Welcome back to part 2 of 2 of this blog series titled: Do I Have Astigmatism?
Last month we were able to break down the meaning, causes, classification, and types of astigmatism. This month we will continue the conversation as we focus on treatment options for this easily misunderstood topic.
Testing for Astigmatism
Astigmatism is detected in a routine eye exam, but can often be missed in a basic vision screening. The methods for determining astigmatism classification, type, and power are the same methods we use to determine nearsightedness (myopia) and farsightedness (hyperopia). In many cases, we use automated instruments to estimate the amount of astigmatism a patient has and then refine it with a subjective test we call a refraction. Refraction is a process in which an instrument called a phoropter is used to dial a variety of lens choices in front of a patient’s eye, and the patient chooses the options that look clearest. With each choice the patient makes, the lenses in the phoropter get closer to the final measurement of the refractive error.
An example of a glasses prescription used for nearsightedness and farsightedness would respectively be -2.50 SPH or +2.50 SPH. The SPH stands for sphere indicating there is no astigmatism and a spherical lens can be used to focus or bend the light onto the retina. If a patient has astigmatism, the glasses prescription could read -2.50 + 1.00 x 090, for example. For corneal astigmatism, this would indicate the overall spherical power would be -2.50 (nearsighted) and the amount of curvature difference on the cornea is 1.00 at 90 degrees away from the 3rd number in our prescription called the axis at “090”. So the power difference is 1.00 at 180 degrees (horizontally from 3 o’clock to 9 o’clock). This would mean the overall steepest curve on the cornea is -2.50 at 090 degrees (12 o’clock) and the flattest curve is 1.00 less than -2.50 making it -1.50 at 180 degrees (3 o’clock).
Soft Contact Lenses
Soft contact lenses are also a good treatment option for regular astigmatism and would have a similar prescription to the glasses prescription with a sphere power, cylinder power, and axis number. These lenses are often called toric lenses. Typically the toric lenses are designed a little larger in diameter and fit a little tighter than basic spherical soft contact lenses. The idea is to have as little movement as possible in toric lenses to keep the correct lens powers in the proper position for optimal vision. If these lenses rotate, the corrective powers will be misaligned and therefore will not focus the light on the retina.
Gas Permeable Contact Lenses
Gas Permeable Contact Lenses (Hard Contacts) are also a treatment option for astigmatism. These types of contacts can be used to correct regular or irregular astigmatism. They can also correct higher amounts of corneal astigmatism than soft contact lenses. These lenses are very rigid and give the cornea an artificial spherical surface. In some cases, the lenses are used for irregular astigmatism from trauma, scarring, post corneal transplants, or diseases such as keratoconus or pellucid marginal degeneration. Hybrid contact lenses can achieve the same visual correction as hard contact lenses but are designed with a very rigid center and a soft material as a skirt surrounding the rigid center. This allows for better comfort and centration while allowing the visual benefit of a rigid artificial spherical surface.
Lastly, in some cases astigmatism can be corrected surgically.
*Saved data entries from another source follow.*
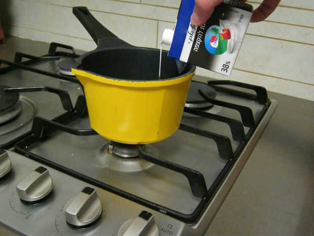 Poner en la llama pequeña y mezclar hasta que todo se disuelva. Vierta sobre el pastel.
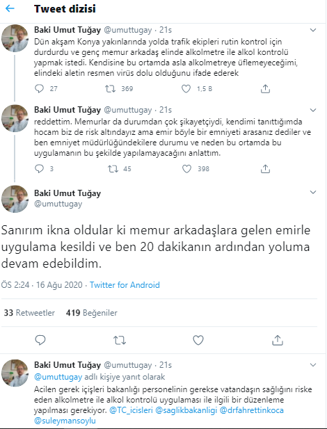 “Dün akşam Konya yakınlarında yolda trafik ekipleri rutin kontrol için durdurdu ve genç memur arkadaş elinde alkolmetre ile alkol kontrolü yapmak istedi. Kendisine bu ortamda asla alkolmetreye üflemeyeceğimi, elindeki aletin resmen virüs dolu olduğunu ifade ederek. Sanırım ikna oldular ki memur arkadaşlara gelen emirle uygulama kesildi ve ben 20 dakikanın ardından yoluma devam edebildim. Acilen gerek İçişleri Bakanlığı personelinin gerekse vatandaşın sağlığını riske eden alkolmetre ile alkol kontrolü uygulaması ile ilgili bir düzenleme yapılması gerekiyor.”
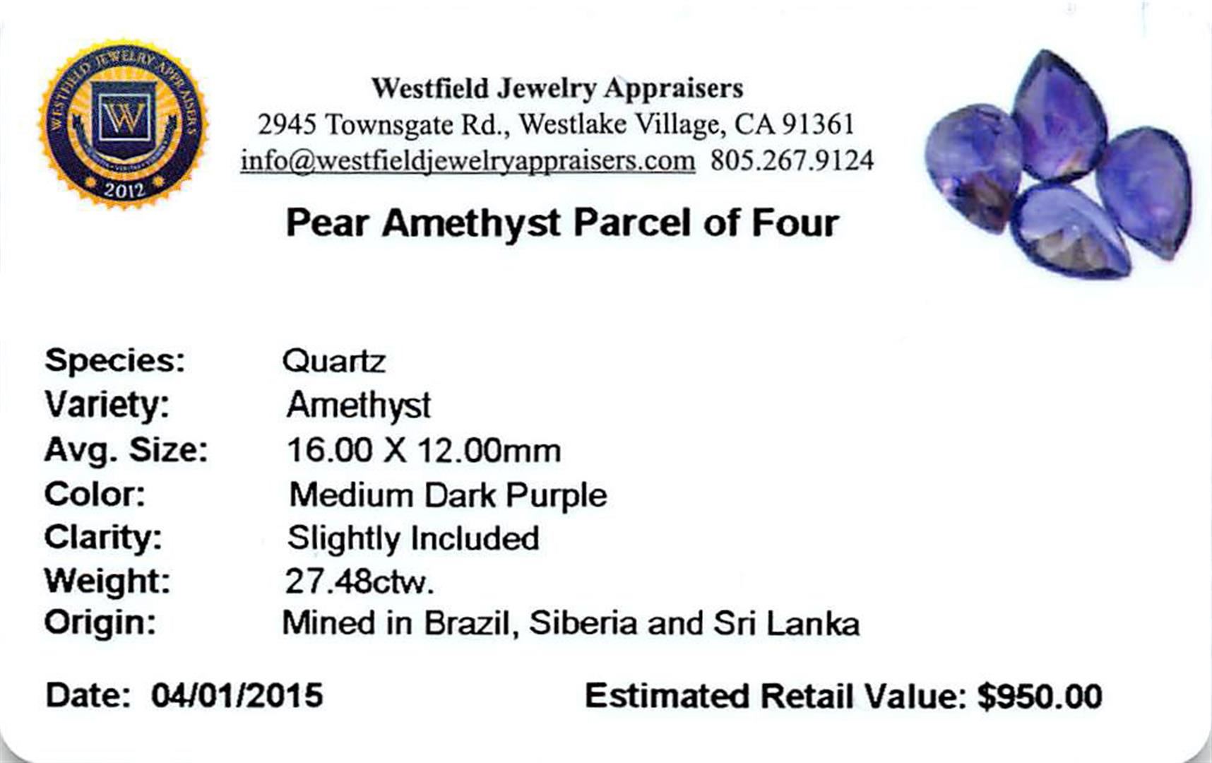 Four pear mixed cut natural amethysts exact total weight 27.48ct., clarity is slightly included, type II, medium dark, very slightly grayish, purple color, (GIA P 6/3), cut is good. Westfield Appraised.

Elimination of astigmatism, along with associated myopia (nearsightedness) or hyperopia (farsightedness) by surgical methods can allow patients to see clearly without glasses or contacts. There are a few different methods by which astigmatism can be surgically corrected, as we will describe below:
Refractive surgery such as LASIK or PRK can correct regular astigmatism. In both of these procedures, a laser is used to permanently alter the shape of the cornea, causing light that passes into the eye to be focused clearly on the retina. LASIK or PRK is an appropriate treatment for young patients with no other significant eye problems who wish to eliminate their need for glasses or contacts.
For patients with cataracts, astigmatism can also be treated at the time of cataract surgery. Correcting astigmatism at the same time as cataract surgery can allow good distance visual acuity without the need for glasses or contacts. Higher amounts of astigmatism can be corrected by implanting a special type of intraocular lens (IOL) called a Toric IOL. When the surgeon places the IOL into the lens capsule the lens has to be rotated to the appropriate axis to properly correct the astigmatism. Another option for correcting milder amounts of astigmatism is through Laser-Assisted Cataract Surgery (LACS). A special laser, in addition to performing some of the initial steps of the cataract surgery, can be programmed to make microscopic arcuate incisions in the cornea, thereby changing the the irregularly curved surface. In so doing, the cornea becomes more spherical and allows the light to focus onto the retina in a single point focus.
With all of the treatment options our goal is to achieve the sharpest and clearest vision possible in the manner that best suits each individual patient. Both Dr. Gregory Hill and Dr. Geoffrey Hill offer cataract surgery with options for astigmatism correction by Laser-Assisted Cataract Surgery or toric lenses. Dr. Geoffrey Hill also offers LASIK or PRK surgery for younger patients with astigmatism who wish to be free of glasses or contacts.